Just be careful to have environment clear from boost artifacts before deploying new boost package (especially using apt-get). To get rid of old possible boost artifacts:

sudo apt-get --purge remove libboost-dev
sudo apt-get --purge remove libboost-all-dev

# check installed boost version
cat /usr/include/boost/version.hpp | grep "BOOST_LIB_VERSION"

# check Boost package name:
dpkg -S /usr/include/boost/version.hpp

# Then having package name:
sudo apt-get autoremove package

sudo apt-get remove libboost*
sudo apt-get autoclean
  • Fast reference to build the boost manually. Newest boost builds do not contain packages with -mt prefixes as stated by boost.
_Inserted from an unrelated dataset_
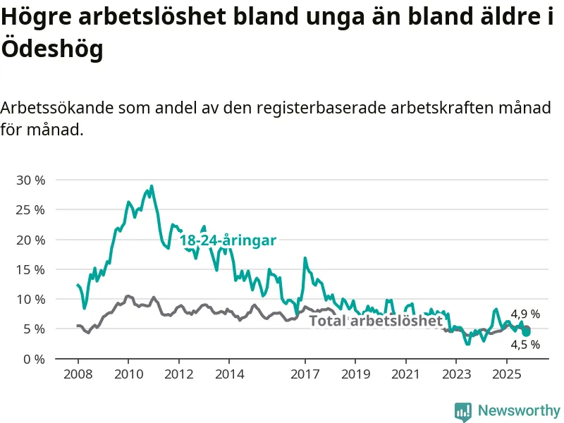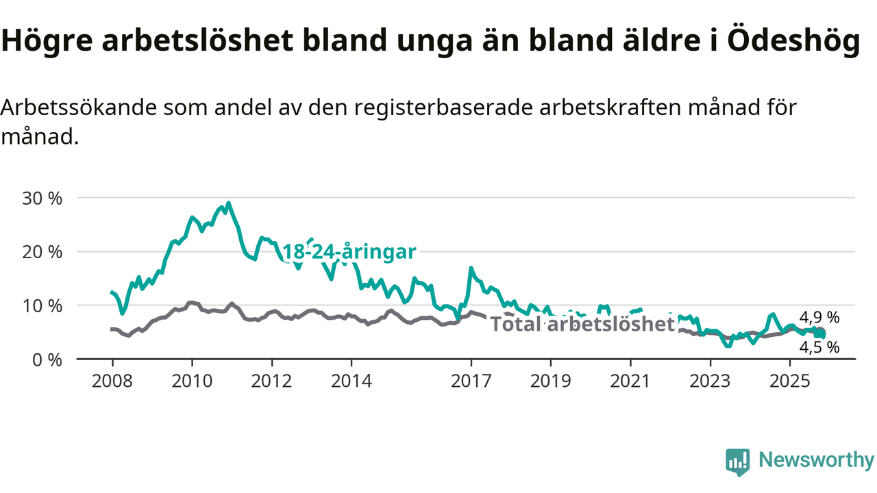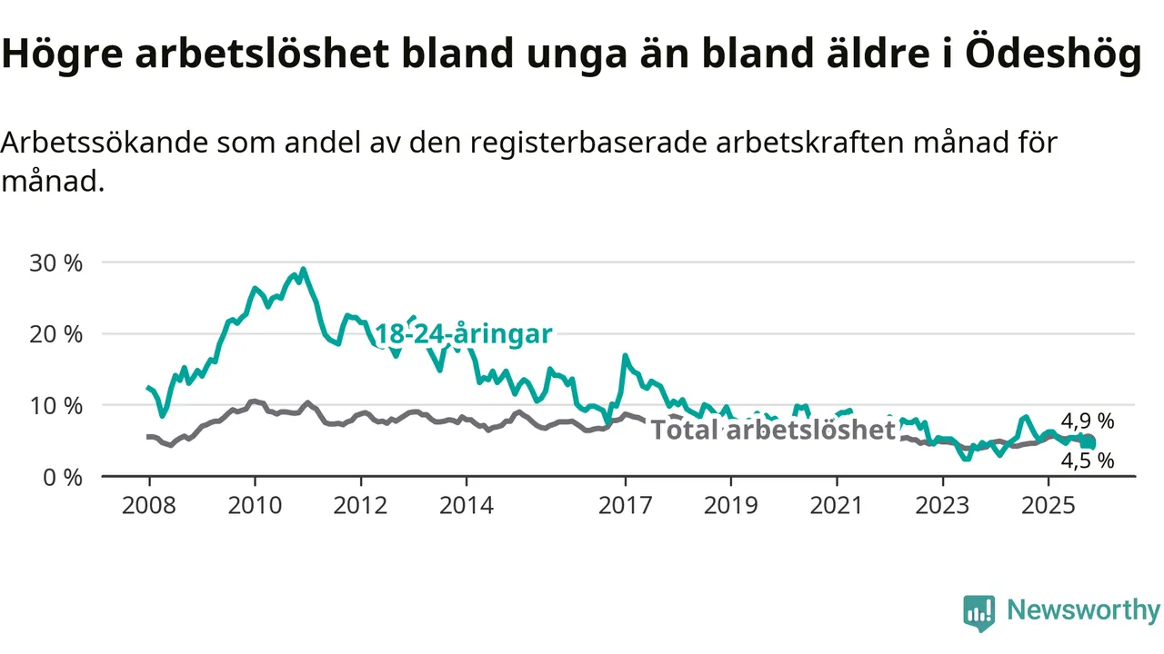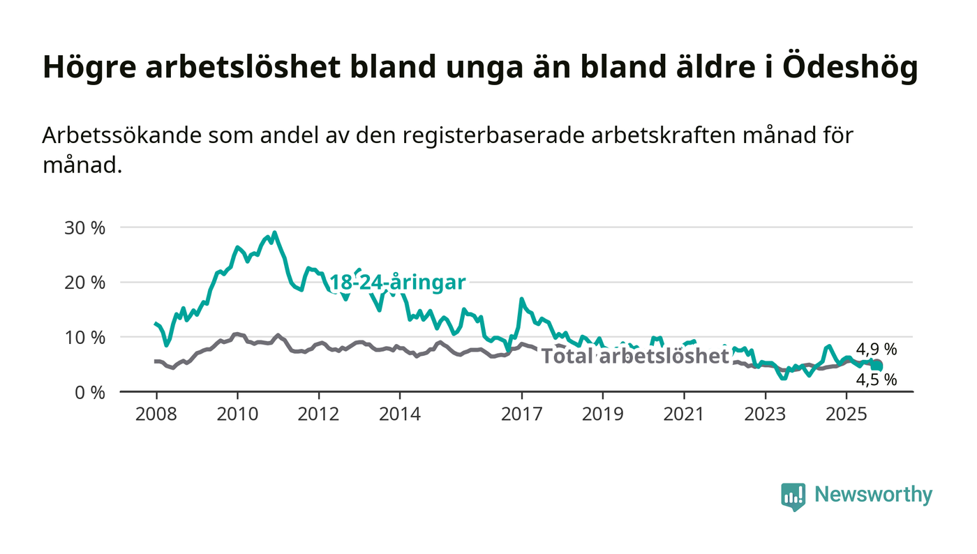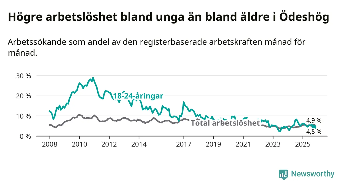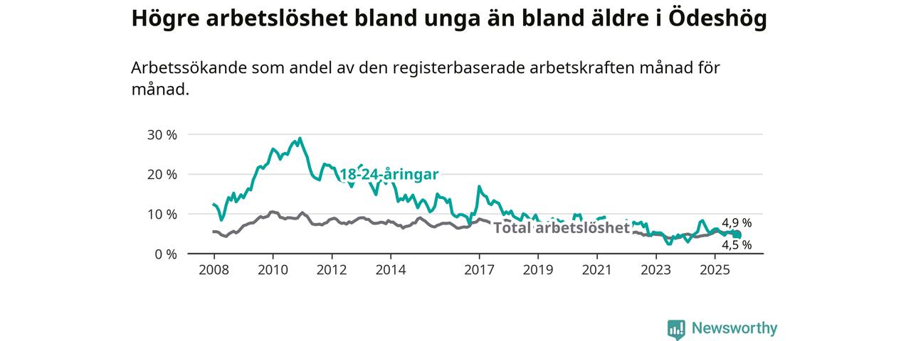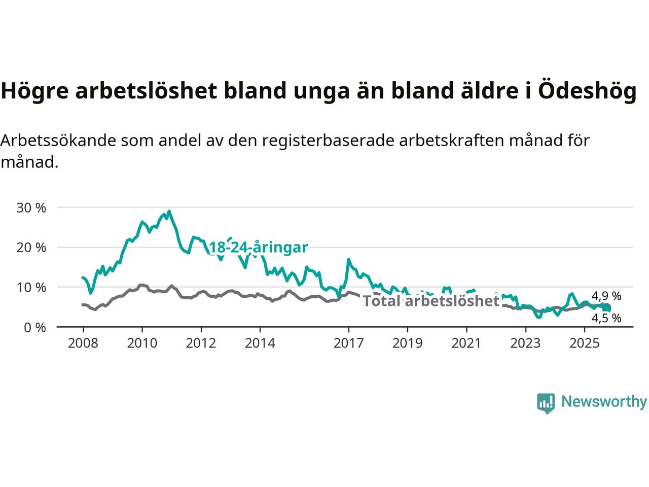 Precis som den totala arbetslösheten ligger ungdomsarbetslösheten i Ödeshög lägre än i Östergötland som helhet. Skillnaden mellan kommunen och länet är 3,9 procentenheter.

    To build libraries with -mt sufix:

    ./bootstrap.sh --with-libraries=filesystem, regex, system
    sudo ./bjam --layout=tagged --libdir=/usr/lib64 cxxflags=-fPIC threading=multi install

    To build libraries without a suffix:

    ./bootstrap.sh --with-libraries=thread, date_time, system
    sudo ./bjam --libdir=/usr/lib64 cxxflags=-fPIC link=static threading=single runtime-link=static install
  • install hive metastore database, for example, postgres, if going to run it locally

sudo apt-get install postgresql -y
  • compile LLVM from source
wget http://llvm.org/releases/3.3/llvm-3.3.src.tar.gz
tar xvf llvm-3.3.src.tar.gz
cd llvm-3.3.src/tools/
svn co http://llvm.org/svn/llvm-project/cfe/tags/RELEASE_33/final/ clang
cd ../projects/
svn co http://llvm.org/svn/llvm-project/compiler-rt/tags/RELEASE_33/final
cd ..
./configure --with-pic
make -j4 REQUIRES_RTTI=1
sudo make install
  • configure JAVA HOME
export JAVA_HOME=/usr/lib/jvm/java-7-oracle
  • install Maven
wget http://www.interior-dsgn.com/apache/maven/maven-3/3.0.5/binaries/apache-maven-3.0.5-bin.tar.gz
tar xvf apache-maven-3.0.5-bin.tar.gz && sudo mv apache-maven-3.0.5 /usr/local
  • Add the following three lines to your .bashrc:
export M2_HOME=/usr/local/apache-maven-3.0.5
export M2=$M2_HOME/bin  
export PATH=$M2:$PATH

Confirm by running

source ~/.bashrc
mvn -version

Impala build

put the following lines in Your .bashrc (replace YOUR_PATH with path where you cloned ImpalaToGo sources if you want build not from that directory). BOOST_LIBRARY_DIR and LD_LIBRARY_DIR should point to boost libraries location

export JAVA_HOME=/usr/lib/jvm/java-7-oracle
if [ "${PWD##/*/}" = "ImpalaToGo" ];
then
        export IMPALA_HOME=$PWD
else
        export IMPALA_HOME=YOUR_PATH/ImpalaToGo
fi
export BOOST_LIBRARYDIR=/usr/lib/x86_64-linux-gnu
export LD_LIBRARY_PATH=/usr/lib/x86_64-linux-gnu
export LC_ALL="en_US.UTF-8"

and then run

source ~/.bashrc
  • cd to Impala source cloned dir, run
bin/impala-config.sh
  • build thirdparty :
./bin/build_thirdparty.sh
  • run impala build:
./buildall.sh

To run unit testing on backend , do the following in the ImpalaToGo bin directory

export IMPALA_BE_DIR=/root/ImpalaToGo/be/
./run-backend-tests.sh

Start work with impala

To run Impala locally, edit Impala configuration files. Impala will read configuration files that it founds on CLASSPATH. By defaut, fe test resources are added on CLASSPATH already ($IMPALA_HOME/fe/src/test/resources), so core-site.xml, hive-site.xml and hdfs-site.xml can be placed and edited there. Note that they will be rewritten with default values after frontend build.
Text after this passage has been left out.